REQUIREMENT: Copy out the whole listing exactly as written, leaving the pictures behind.

RECORD SET:
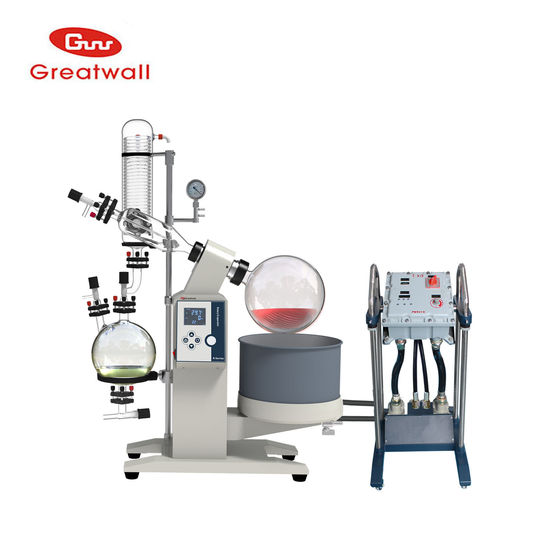 大容量、大口径旋转瓶,蒸发面积大;置于浴槽中,边旋转边加热,配用减压装置,使溶剂高效蒸发。可用于生物、医药、化工、食品等领域的中试。可与循环水式多用真空泵、隔膜真空泵、循环冷却器、恒温循环器、低温冷却液循环泵等组成配套装置。为满足爆炸性气体环境使用条件,公司特开发了由隔爆外壳“d”保护的旋转蒸仪。
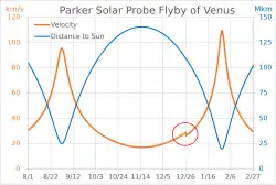 This article incorporates text from this source, which is in the public domain. - ↑ "Parker Solar Probe Heads Toward Second Venus Flyby". Parker Solar Probe News Center. Johns Hopkins University Applied Physics Laboratory. November 20, 2018. Archived from the original on December 26, 2019. Retrieved December 23, 2019. Gives the time as "1:14 p.m. EST" and the distance of the flyby as "within 1870 miles".
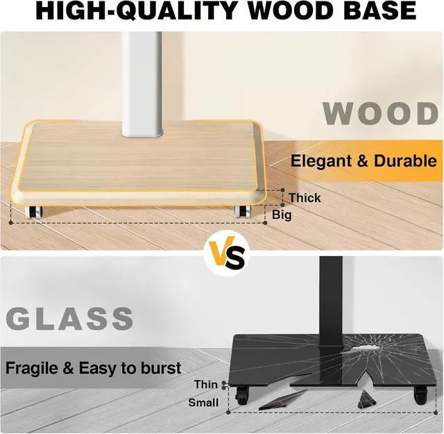 Elegant Wooden Base for Storage: Let Art into LifeUnlike other TV stands, the look of the 70 inch tv stand can completely play the role of a decorative furniture. The warm and bright wooden base and simple modern look add warmth to your home. The base with wheels is 3.2 inch in height and slides can easily into the end of your bed or behind the TV cabinet, saving aisle space. At the same time, its base can also be used to store Router, DVR, Sub, PC, PS4 etc.
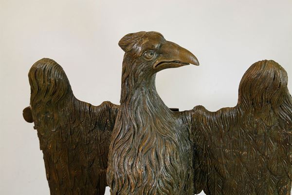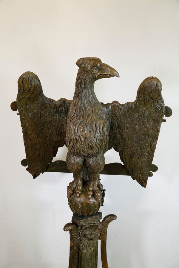 Large carved wooden lectern with traces of polychrome, composed of a central fluted baluster supported by three arched volutes, surmounted by a sphere that supports a large eagle with spread wings that conceal the book holder. It has defects and shortcomings.
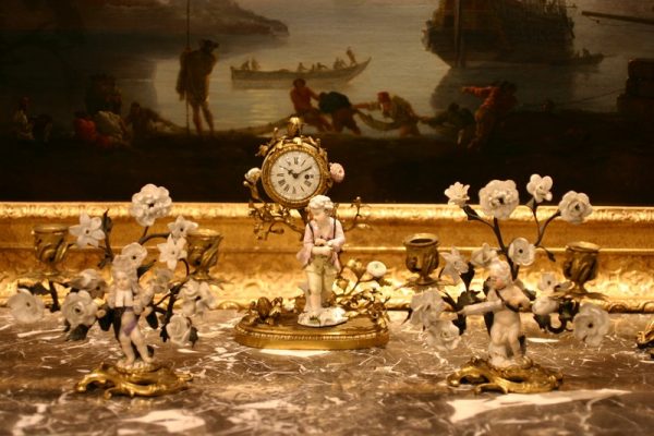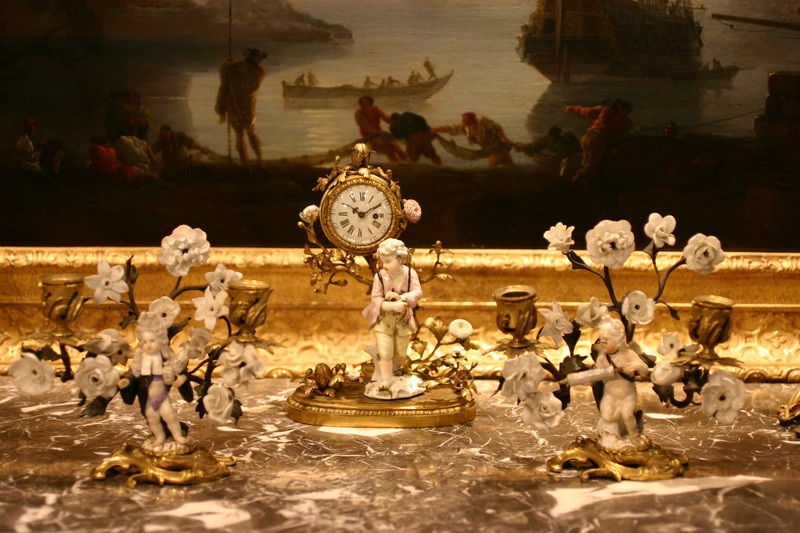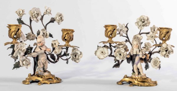 Paire de Candélabres en Porcelaine de Meissen , Bronze Ciselé Dore , d’Epoque Louis XV
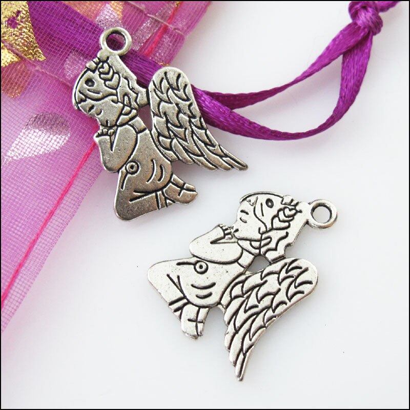 6 ピースアンティークシルバートーン祈る天使の羽ガールチャームペンダント 17 × 23.5 ミリメートル
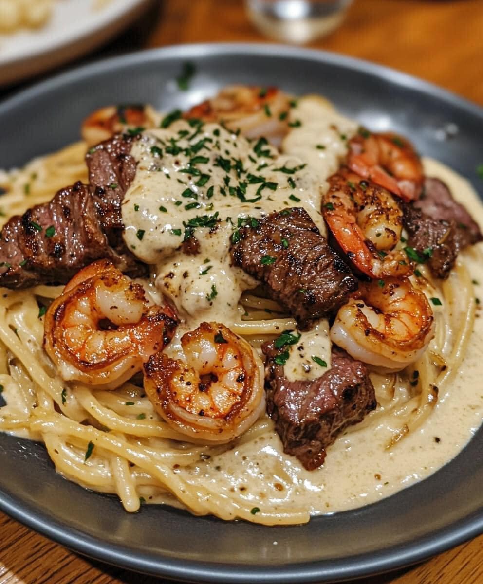 Cajun Shrimp and Steak Alfredo Pasta Introduction If you love bold flavors and creamy pasta, Cajun shrimp and steak Alfredo
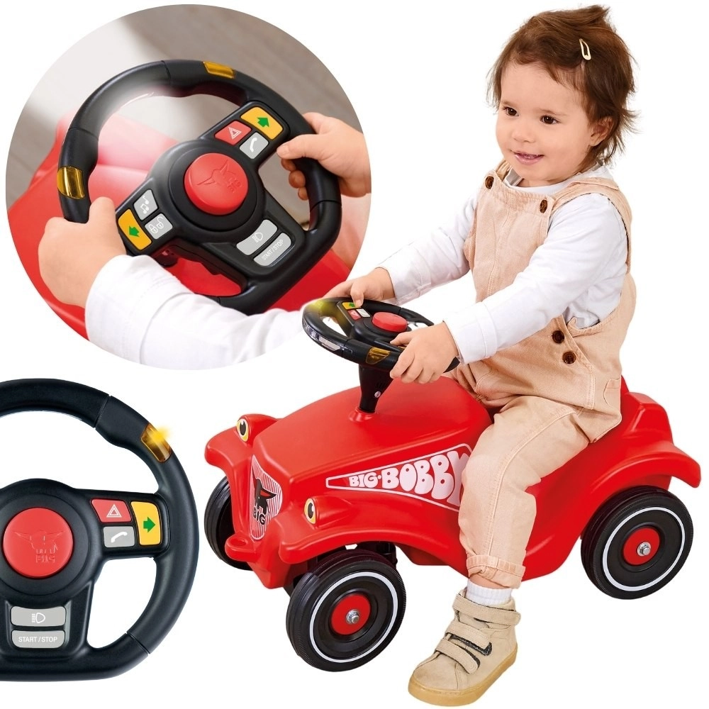Il volante multifunzione BIG trasforma ogni corsa sul cavalcabile in una vera avventura. I bambini apprezzeranno le frecce con luci LED, il clacson, il suono di avviamento, la radio e altri effetti realistici. Grazie al design resistente all’acqua è ideale anche per giocare all’aperto.
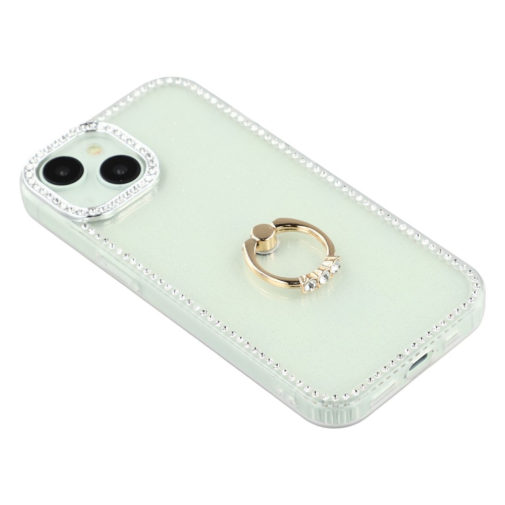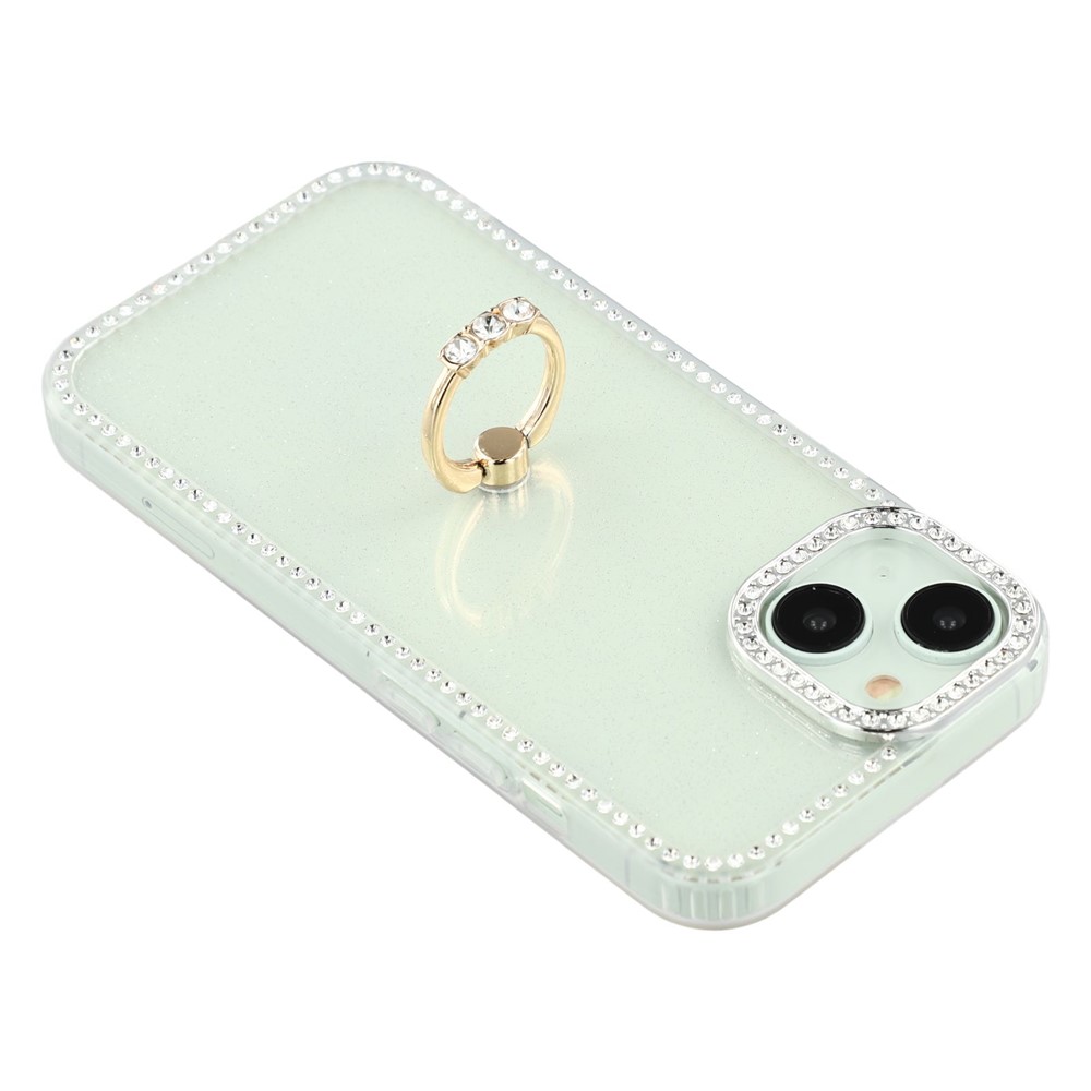 • For iPhone 14 / 13 Case with Ring Kickstand Rhinestone Edge TPU + PC IMD Phone Cover - Glitter Light Green

FINISHED TASK:
 大容量、大口径旋转瓶,蒸发面积大;置于浴槽中,边旋转边加热,配用减压装置,使溶剂高效蒸发。可用于生物、医药、化工、食品等领域的中试。可与循环水式多用真空泵、隔膜真空泵、循环冷却器、恒温循环器、低温冷却液循环泵等组成配套装置。为满足爆炸性气体环境使用条件,公司特开发了由隔爆外壳“d”保护的旋转蒸仪。
 This article incorporates text from this source, which is in the public domain. - ↑ "Parker Solar Probe Heads Toward Second Venus Flyby". Parker Solar Probe News Center. Johns Hopkins University Applied Physics Laboratory. November 20, 2018. Archived from the original on December 26, 2019. Retrieved December 23, 2019. Gives the time as "1:14 p.m. EST" and the distance of the flyby as "within 1870 miles".
 Elegant Wooden Base for Storage: Let Art into LifeUnlike other TV stands, the look of the 70 inch tv stand can completely play the role of a decorative furniture. The warm and bright wooden base and simple modern look add warmth to your home. The base with wheels is 3.2 inch in height and slides can easily into the end of your bed or behind the TV cabinet, saving aisle space. At the same time, its base can also be used to store Router, DVR, Sub, PC, PS4 etc.
 Large carved wooden lectern with traces of polychrome, composed of a central fluted baluster supported by three arched volutes, surmounted by a sphere that supports a large eagle with spread wings that conceal the book holder. It has defects and shortcomings.
 Paire de Candélabres en Porcelaine de Meissen , Bronze Ciselé Dore , d’Epoque Louis XV
 6 ピースアンティークシルバートーン祈る天使の羽ガールチャームペンダント 17 × 23.5 ミリメートル
 Cajun Shrimp and Steak Alfredo Pasta Introduction If you love bold flavors and creamy pasta, Cajun shrimp and steak Alfredo
Il volante multifunzione BIG trasforma ogni corsa sul cavalcabile in una vera avventura. I bambini apprezzeranno le frecce con luci LED, il clacson, il suono di avviamento, la radio e altri effetti realistici. Grazie al design resistente all’acqua è ideale anche per giocare all’aperto.
 • For iPhone 14 / 13 Case with Ring Kickstand Rhinestone Edge TPU + PC IMD Phone Cover - Glitter Light Green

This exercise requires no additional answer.